HALIFAX - A rocking song about fashionable people doing questionable things led a parade of awards for Halifax band Joel Plaskett Emergency, which cleaned up at the East Coast Music Awards on Sunday night.
Plaskett and his band won six awards related to their album "Ashtray Rock," a semi-biographical look at the world of Clayton Park, a sprawling Halifax suburb that overlooks Bedford Basin.
Plaskett, along with drummer David Marsh and bass player Chris Pennell, creates a narrative on the album about three friends growing up, falling in and out of love and playing music.
The hit song from the album "Fashionable People" was named group single of the year and also won for best video.
"I want to thank all of the people who turned out for the video shoot - both the fashionable and the unfashionable," Plaskett said as he accepted the best video award.
As well, Plaskett won the prestigious songwriter of the year award for the bouncy tune filled with beat changes and background vocals.
"Ashtray Rock" also took group recording of the year, rock recording and recording of the year.
Nova Scotian performers took the lion's share of awards at the gala in Fredericton.
New Brunswick and Prince Edward Island also had several winners, while performers from Newfoundland and Labrador were shut out.
Plaskett has been nominated for a Juno Award, and "Fashionable People" recently received first-place honours in the pop song category of the 2007 Billboard Magazine World Song contest.
Although the lanky Plaskett just completed a whirlwind tour of Australia, he said nothing would keep him from the East Coast Music Awards - the annual, dead-of-winter tribute to Atlantic Canadian music and culture.
"The awards have always been a big part of my year," he said shortly after he arrived in Fredericton.
"The ECMAs mark a kind of beginning of a new year, but it's also an acknowledgment of what you did in the past year."
Plaskett had seven nominations heading into the gala.
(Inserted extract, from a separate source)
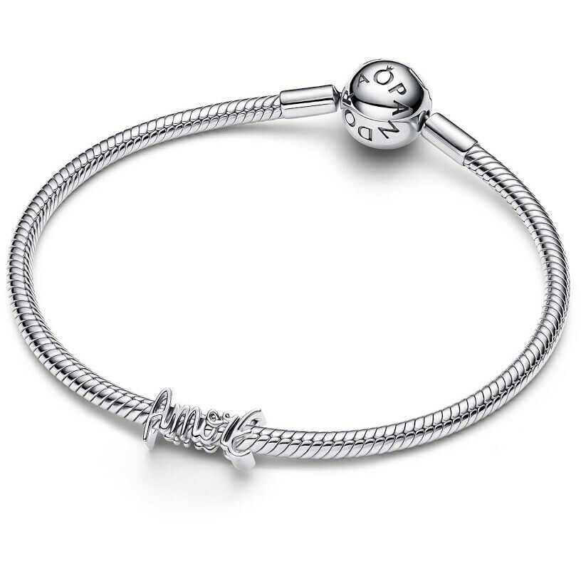 Celebrate love with this eye-catching Pandora charm. Crafted from sterling silver, it features the handwritten word "AmorE" in openwork, a playful expression of love.The reference is 794434C00 .
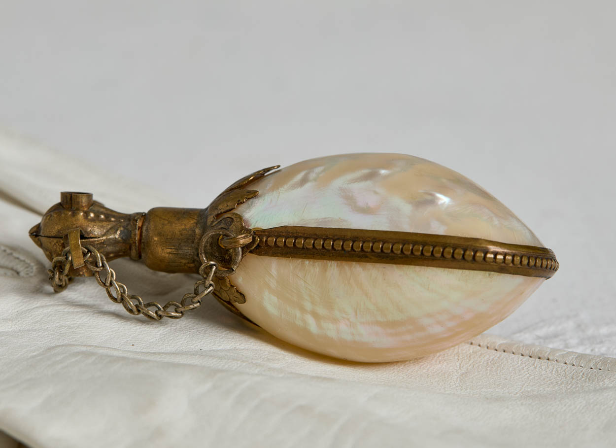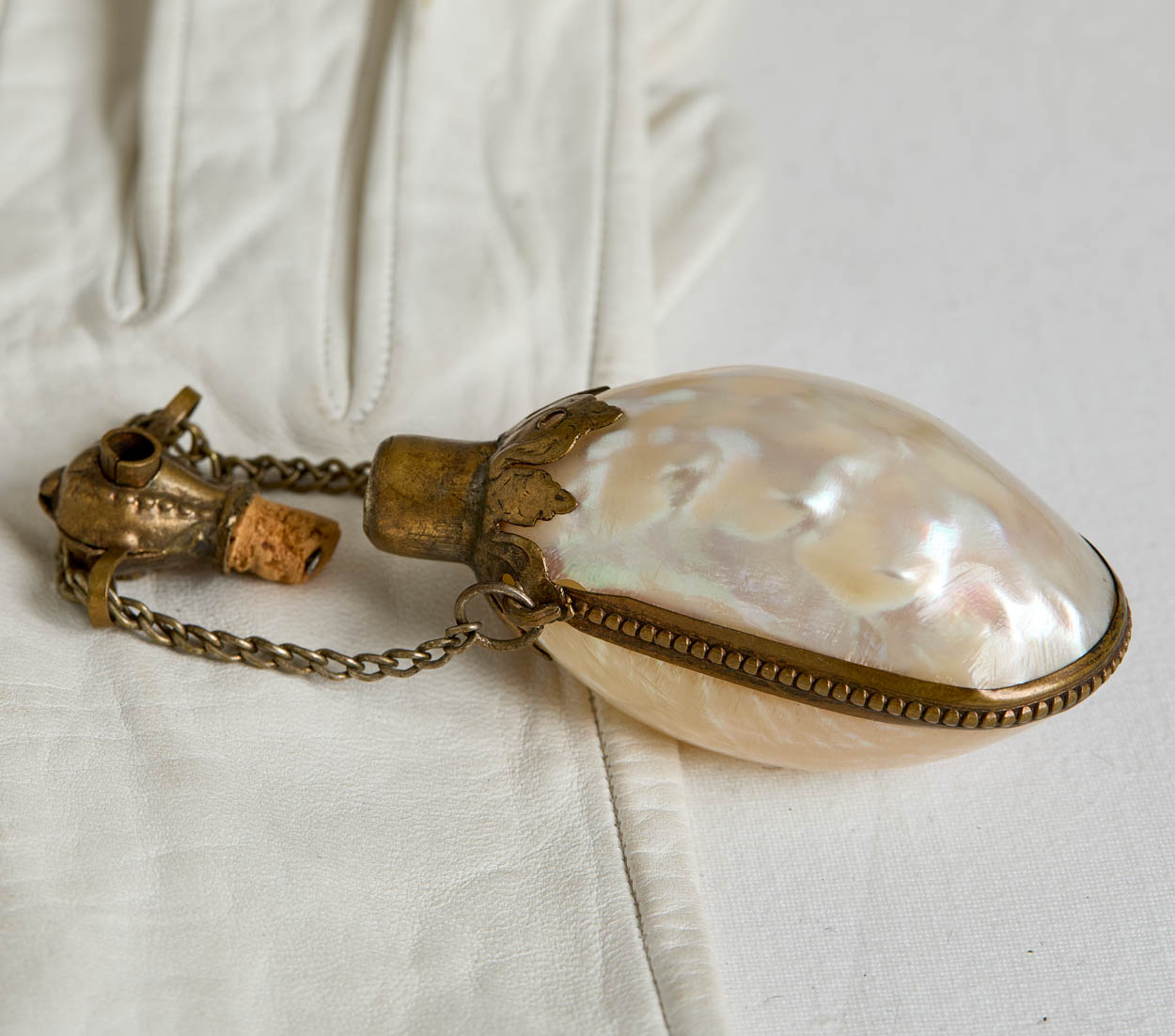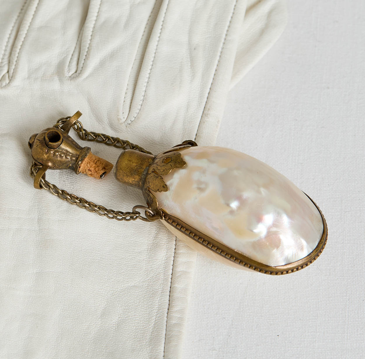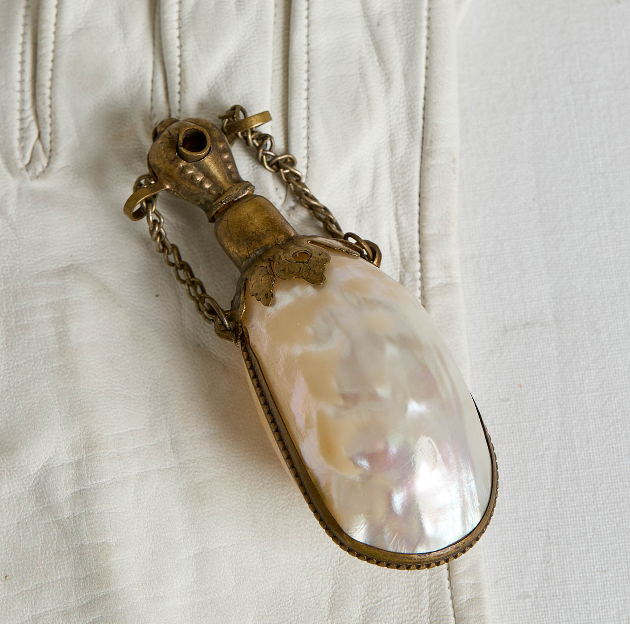 This scent bottle has the original stopper. The piece measures 2-3/4" long. It's in excellent condition.

The only one he missed out on was the coveted entertainer of the year award, which once again went to Nova Scotia country singer George Canyon.
It was the fourth-consecutive win as entertainer of the year for Canyon, the square-jawed singer from Pictou County who came out of obscurity by finishing second on 2004's "Nashville Star" TV talent search.
Canyon was unable to attend the awards ceremony.
The gala awards show in Fredericton on Sunday capped four hectic days of showcases and stage events held at various venues around the snowy New Brunswick capital.
A snowstorm that moved in Sunday wasn't enough to discourage more than 3,000 people from attending the ceremony, held in a large hockey arena.
For the first time in more than a decade, the awards show wasn't broadcast live nationally by CBC-TV.
Citing award-show fatigue and facing stiff competition from the Grammy Awards, which also were held Sunday, CBC decided on a different format this year for the East Coast extravaganza.
The CBC will air an hour-long, condensed version of the awards' performances on March 2, with host Steven Page of the Canadian band the Barenaked Ladies.
Dave Gunning, The Rankin Family and Jamie Sparks each picked up two awards. Other Nova Scotian winners included rising star winner Stephanie Hardy.
"I'll just keep doing it as long as I'm able to do it," said Gunning after he received the award for male solo recording of the year.
"This is an incredible pat on the back from the industry and all of the people who voted."
New Brunswick winners included Thom Swift, who won for blues recording, and the New Brunswick Youth Orchestra, which won classical recording of the year.
The Divorcees from Moncton, N.B., won country recording of the year.
The top bluegrass recording went to the lively Saddle River String Band from Prince Edward Island.
Also from Prince Edward Island, Nathan Wiley won alternative recording of the year for "The City Destroyed Me."
"Every little bit helps," Wiley said. "It's recognition. It feels good to know people are listening."